Liam Neeson: Liam and the Force


https://lebeauleblog.com/2021/02/18/liam-neeson-liam-and-the-force/

I think most of us today would consider Liam Neeson a movie star. He had all those late-career action movies after Taken. When he was cast as Jedi master Qui-Gon Jinn in Star Wars: Episode One: The Phantom Menace, Neeson was a household name. But he wasn’t exactly a movie star. He was best known for his Oscar nominated performance in Schindler’s List, but his follow-ups had trouble connecting with audiences.

At the time of this cover story for the May 1999 issue of Movieline magazine, expectations for the Star Wars prequel were sky high. Neeson himself makes some bold predictions about fan reaction which were ultimately proven wrong.

Coming from a Catholic minority in Protestant Ballymena in Northern Ireland, Liam Neeson never dreamed of becoming an actor. As a teenager he was interested in boxing, and won his weight class for three years running until he got punched silly in a fight when he was 15. School was always a serious matter for him, but after spending one year at a university and two at a teacher’s college, he got caught copying someone’s paper and wound up rethinking what he might do for the rest of his life. Luckily, he found an interest in the theater. In 1976 he joined the Lyric Players Theatre in Belfast and, two years later, the Abbey Theatre in Dublin.
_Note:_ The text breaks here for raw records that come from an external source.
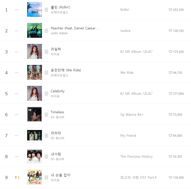[2021년5월3일]멜론일간차트 TOP17, 1위-롤린 브레이브걸스(Brave Girls/Rollin'/듣기/가사/동영상) 본문
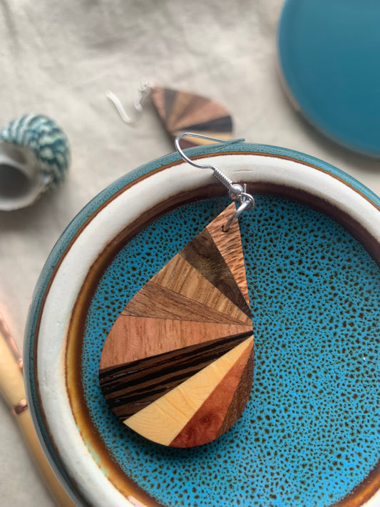 "Ray of Nature Earrings – Multicolor Wood Teardrop with Ray-like Pattern | Sjarel Handmade Jewellery"
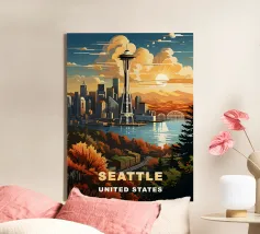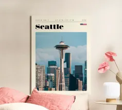 Breng een stukje Seattle in je huis met deze prachtige canvas van Henry Rivers! Perfect voor liefhebbers van kunst en reislustigen, deze illustratie ademt de magie van Seattle uit. De combinatie van de iconische Space Needle met het serene landschap van dennenbomen en bergen maakt het een geweldige aanvulling voor elke kamer. Of je nu een moderne woonkamer, een creatieve studio of je slaapkamer wilt opfleuren, deze kunstwerk zal zeker bewondering en gesprekken opwekken. Perfect als cadeau voor vrienden die houden van cityscapes en unieke decoraties. Minimalistisch en toch levendig, het is ideaal voor iedereen die houdt van reisbestemmingen en urban design.
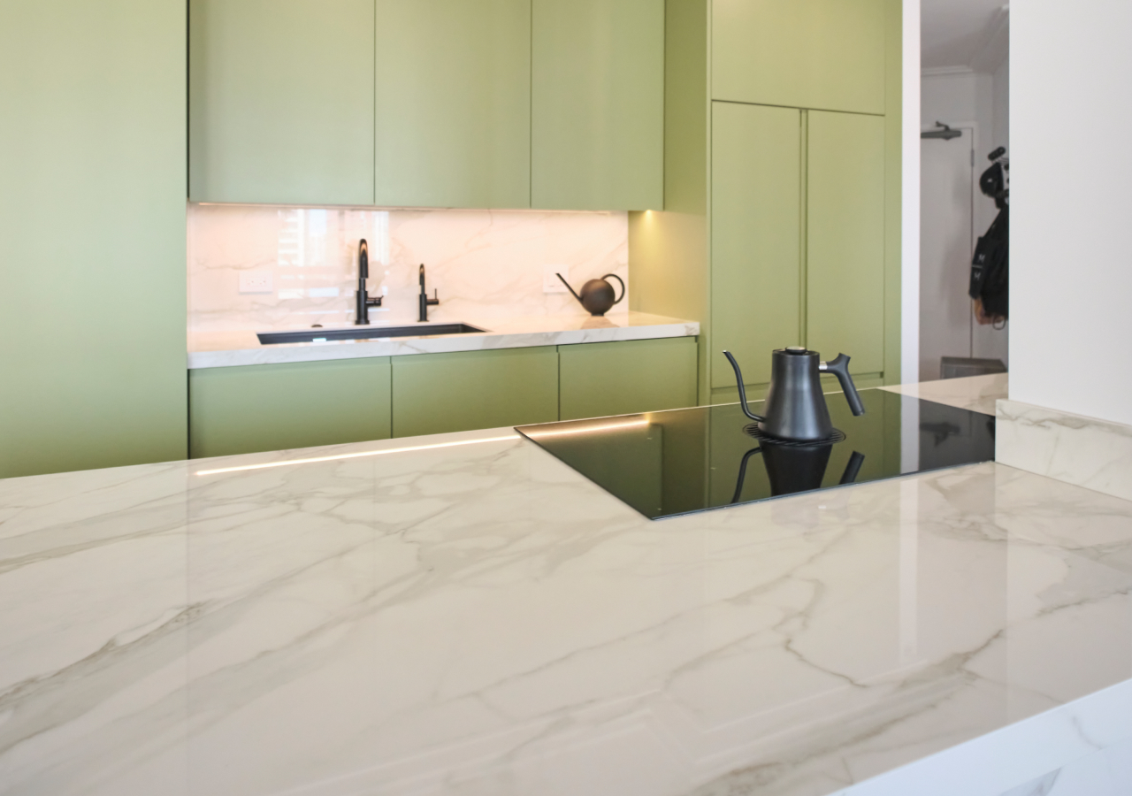 Quartz has a lot going for it: it is durable in normal use, highly stain resistant, and it does not require sealing. That makes it one of the best materials for homeowners who want a clean-looking kitchen without a complicated maintenance routine. It is also highly flexible aesthetically, ranging from quiet, warm minimalist looks to bolder veined patterns that mimic marble.
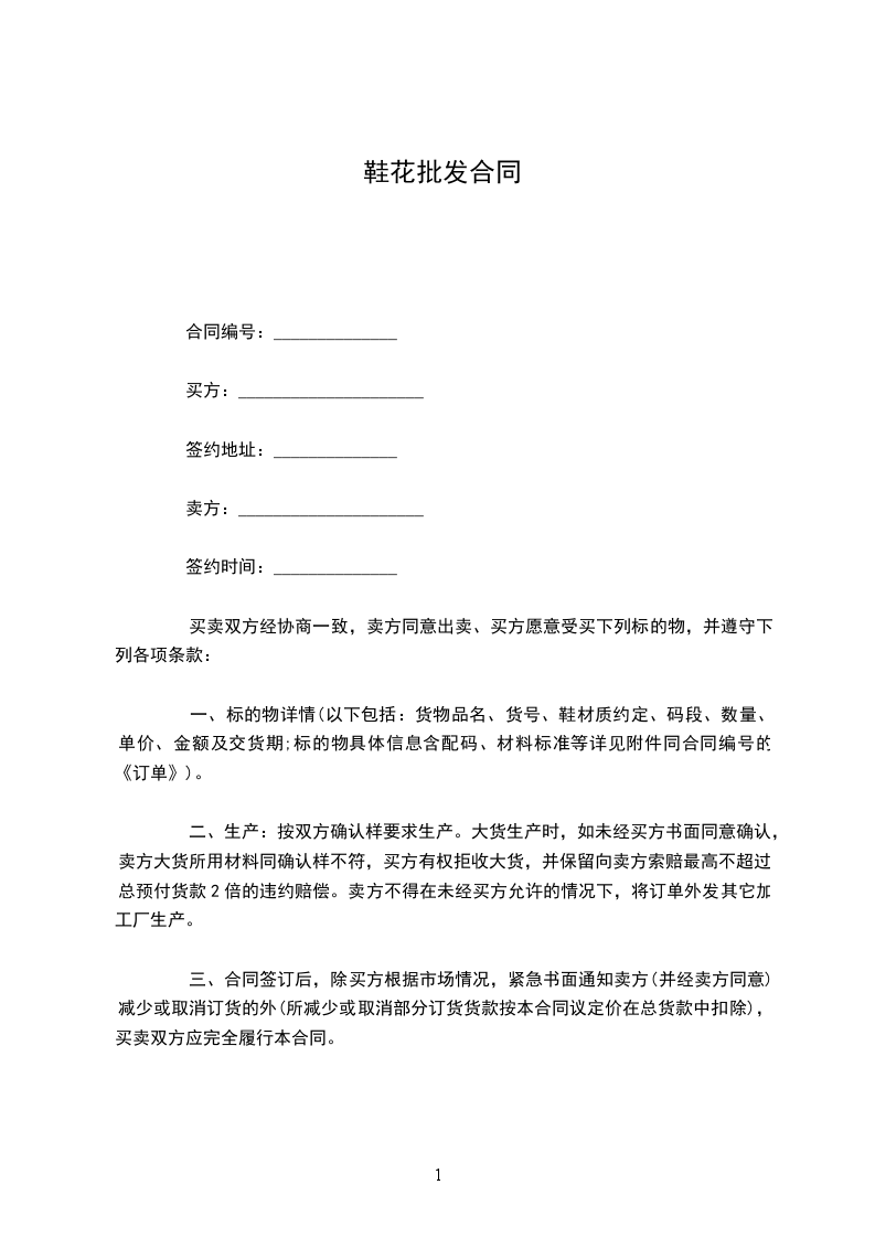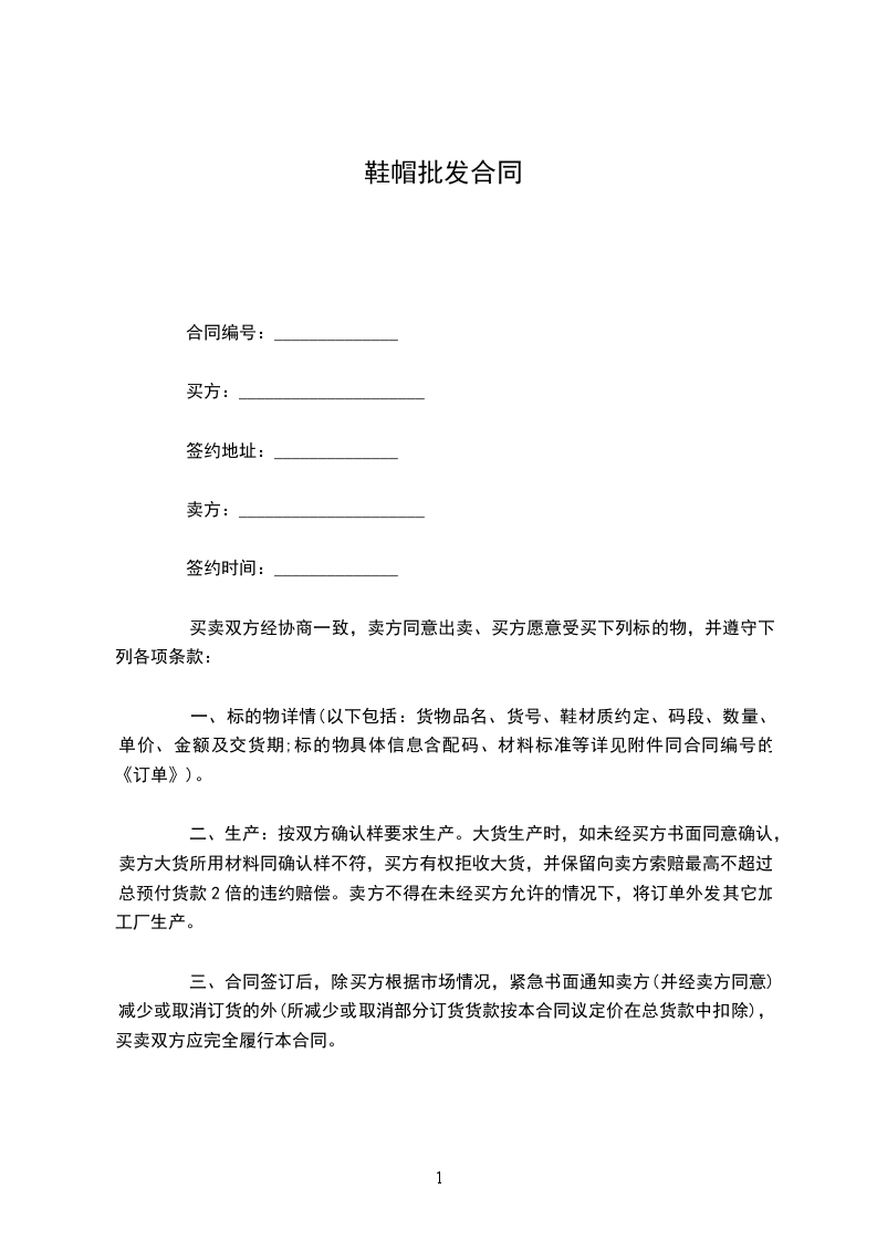 二、生产:按双方确认样要求生产。大货生产时,如未经买方书面同意确认,卖方大货所用材料同确认样不符,买方有权拒收大货,并保留向卖方索赔最高不超过总预付货款2倍的违约赔偿。卖方不得在未经买方允许的情况下,将订单外发其它加工厂生产。
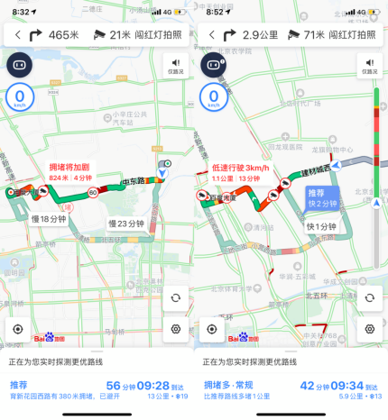 熟路模式下,百度地图还为用户定制了专属拥堵播报能力。一方面,开车时不习惯盯着导航看的人,可以通过语音播报安全、高效的获取信息。当路况和耗时较往常发生变化时,导航将及时播报,让用户对变动心中有数;当行驶到分岔路口时,导航也将播报分岔路口每条路线的路况、用时对比,同时给出推荐路线,如同“智能副驾”为用户省时。
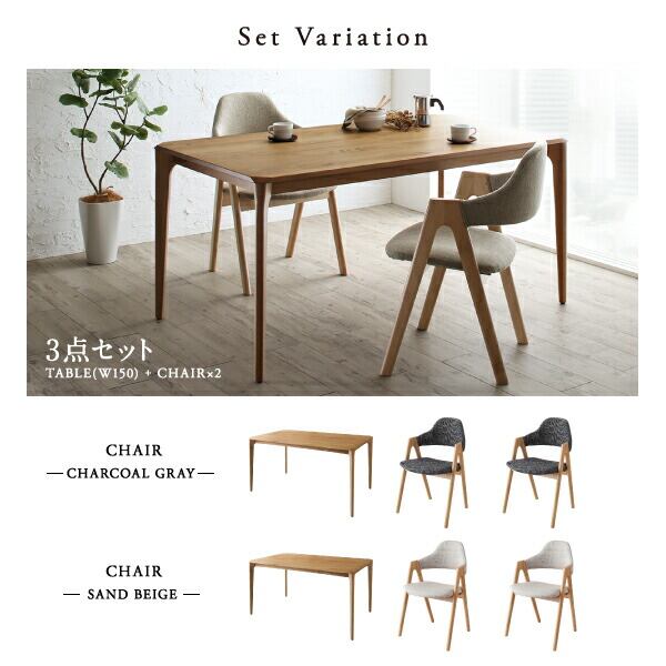 組立設置付き 天然木オーク無垢材ダイニング 4点セット(テーブル+チェア2脚+ベンチ1脚) W150
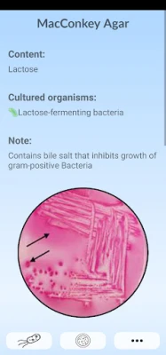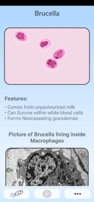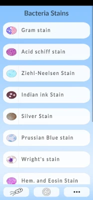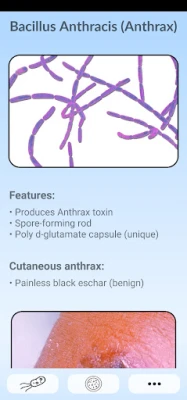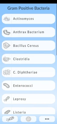 By exploring the neatly organized sections, you can chose any bacteria and see it under the microscope, see the diseases it causes, see the symptoms, and learn the high-yield facts.
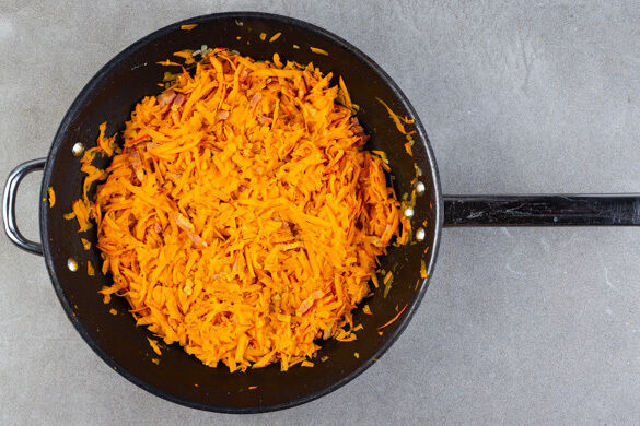 Den Backofen auf 220°C Umluft (240°C Ober-/Unterhitze) vorheizen. Den Kürbis vierteln, mit einem Löffel entkernen und mit einer Küchenreibe grob raspeln. Die Zwiebeln schälen, halbieren und in feine Würfel schneiden. Den Feldsalat ggf. verlesen.
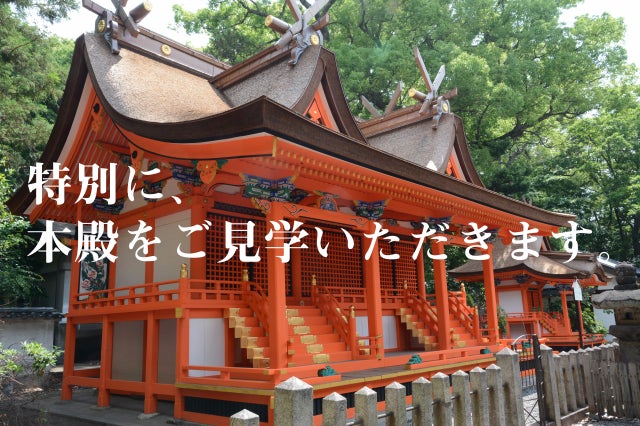 本年度内に修復が完了する、天忍穂耳尊(アメノオシホミミノミコト)と栲幡千々姫命(タクハタチチヒメノミコト)の主神二体を特別にご拝観いただきます。さらに「通常は公開していない本殿のご見学」及び参加記念として「鬼門封じの方除札」を授与いたします。
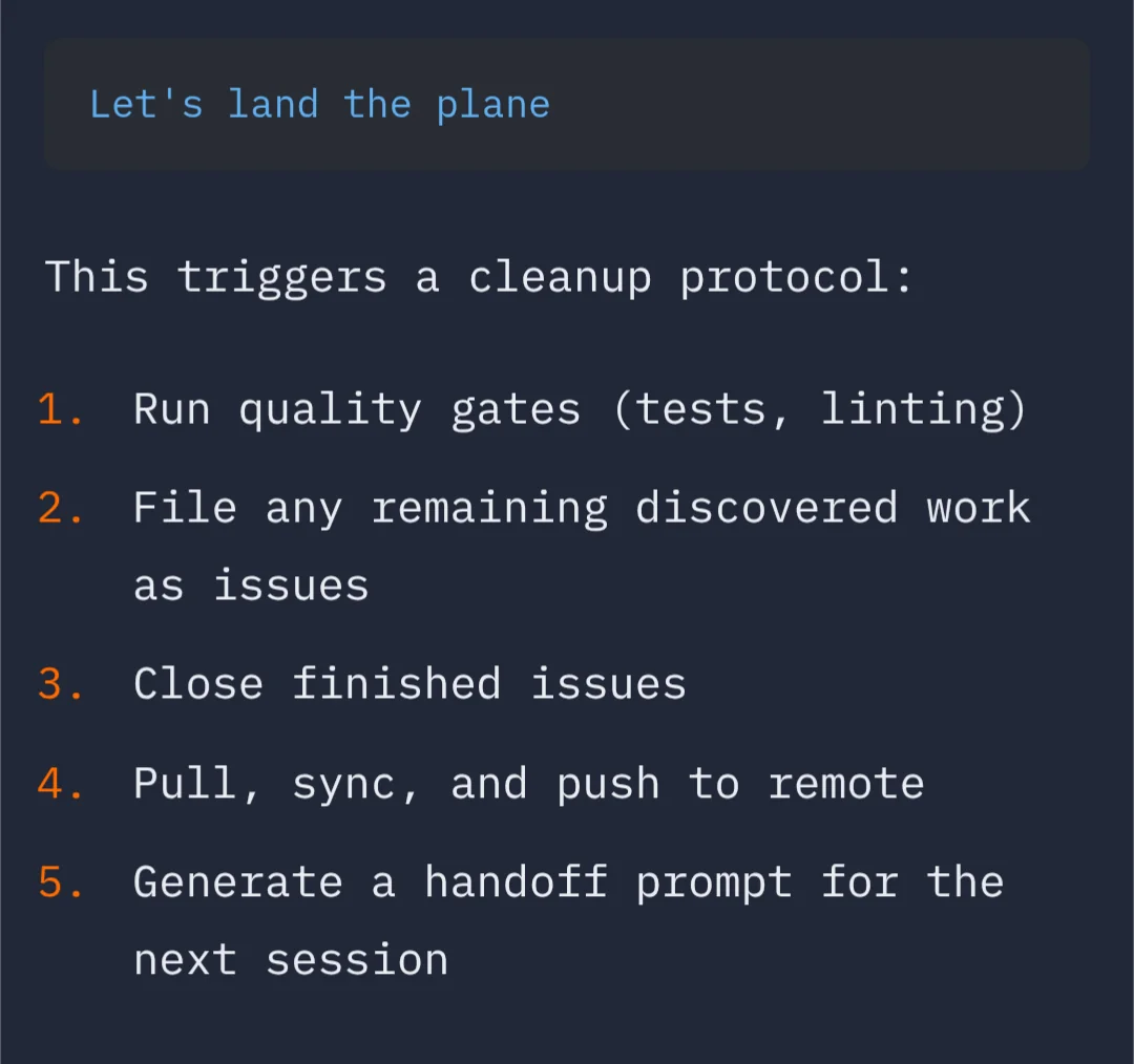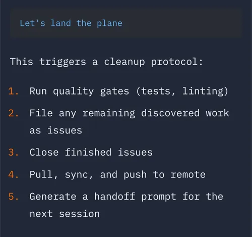 Part of @steveyegge 's gastown/beads is a prompt "Lets land the plane". It's very straightforward forward and what any sane human would probably do before finishing work, except the last part. The "generate a handoff prompt for the next session" was not something I've put much thought into. But now that I juggle 6 sessions at a time and often end up with 20 sessions open because I don't want to close them and loose the last bit of context. This is what I need to keep from crippling my laptop memory from all of these stale sessions hanging around.
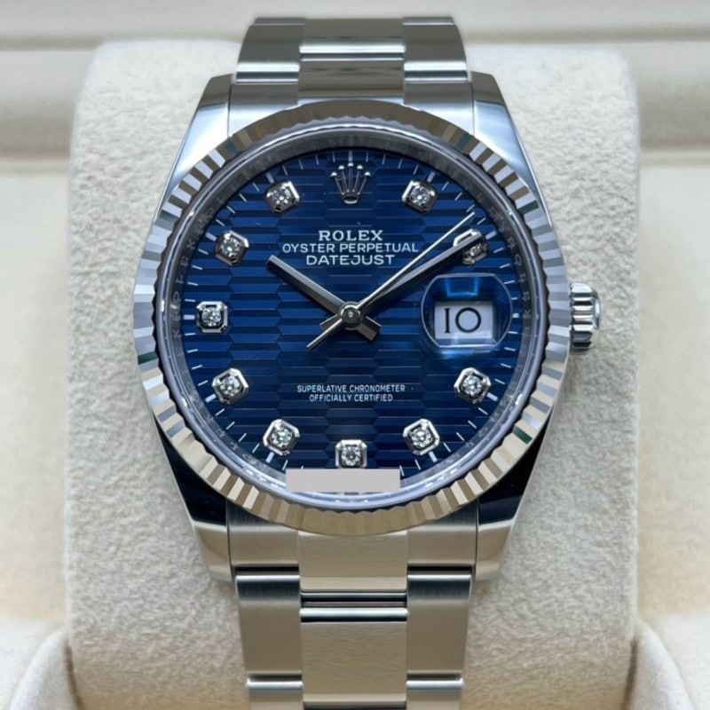 商品状態:新品ロレックス デイトジャスト 126200 ブルー フルーテッドモチーフ ジュビリーブレスレット36mm
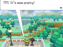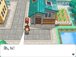 Po rozmowie z mamą opuszczamy budynek. Swoje kroki kierujemy w górę - zaczepi nas przy tym Hugh ze swoją młodszą siostrzyczką. Rozmawiamy z nim - postanowi nam towarzyszyć w drodze do Bianci. W związku z tym nasze możliwości zwiedzania miasta są, powiedzmy sobie szczerze, bardzo okrojone. Idziemy w górę, wybierając prawe rozwidlenie. Gdy dotrzemy do Centrum Pokemon, idziemy lekko w górę i w lewo, wchodząc po schodach tam umieszczonych (znajdują się tuż nad Centrum).
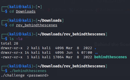 Setelah diextract, saya langsung memasuki direktori dan melihat isinya. Ternyata terdapat 1 file dan ketika diexecute tidak muncul apa-apa selain β./challenge <password>β
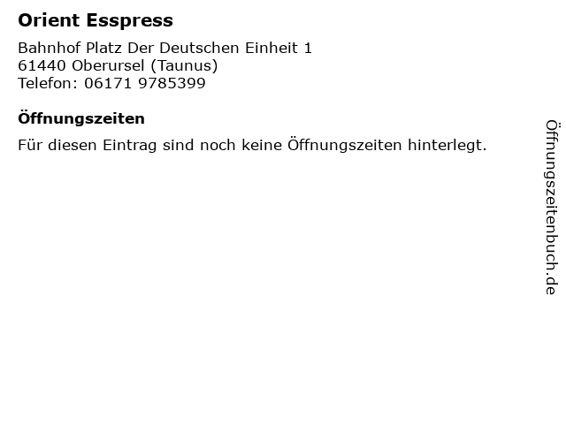 | Öffnungszeiten Orient Esspress in Oberursel (Taunus) anzeigen | |
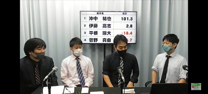 参加者3名と醍醐先生での対局後、牌譜データをもとにZoomでレッスンをおこないます。

Neeson’s film career began when director John Boorman cast him in Excalibur. The films that followed include Dino De Laurentiis’s version of The Bounty (with Mel Gibson and Daniel Day-Lewis), Andrei Konchalovsky’s Duet for One (with Julie Andrews), Roland Joffe’s The Mission (with Robert De Niro and Jeremy Irons), Peter Yates’s Suspect (with Cher), Leonard Nimoy’s The Good Mother (with Diane Keaton), Sam Raimi’s Darkman (with Frances McDormand) and Woody Allen’s Husbands and Wives (with Judy Davis). Some of these films were anticipated “breakthroughs” for Neeson, but high expectations for his rise to superstardom kept falling short.

Then Steven Spielberg tapped him to star in Schindler’s List, and he successfully handled a difficult performance, captured the hearts of millions of people and won an Oscar nomination. Schindler’s List was a hard act to follow–Nell, Rob Roy, Michael Collins and Les Miserables were all worthy efforts that proved commercially disappointing–but being cast as one of the main characters in George Lucas’s Star Wars Episode I: The Phantom Menace will be an even harder act to follow. The two films that have that job are The Haunting of Hill House, due out this summer, and Gun Shy, an independent film produced by and costarring Sandra Bullock.

When I meet Liam Neeson, he’s clean-shaven with short hair, looking more like Michael Collins than the shaggy Qui-Gon Jinn, the master Jedi knight he plays in The Phantom Menace. We find a table, order some red wine, and Neeson checks his watch with two dials, one always set at New York time, where he lives with his wife, Natasha Richardson, and their two toddler sons. “Oh God,” he says, “look at the time. I forgot to call the children.” He asks a waitress for a portable phone, and, hunching over the phone to achieve some degree of intimacy, he talks to his boys gently, tells them he loves them, then says good night to his wife. “All right,” he smiles, handing the phone back, “now we can start.”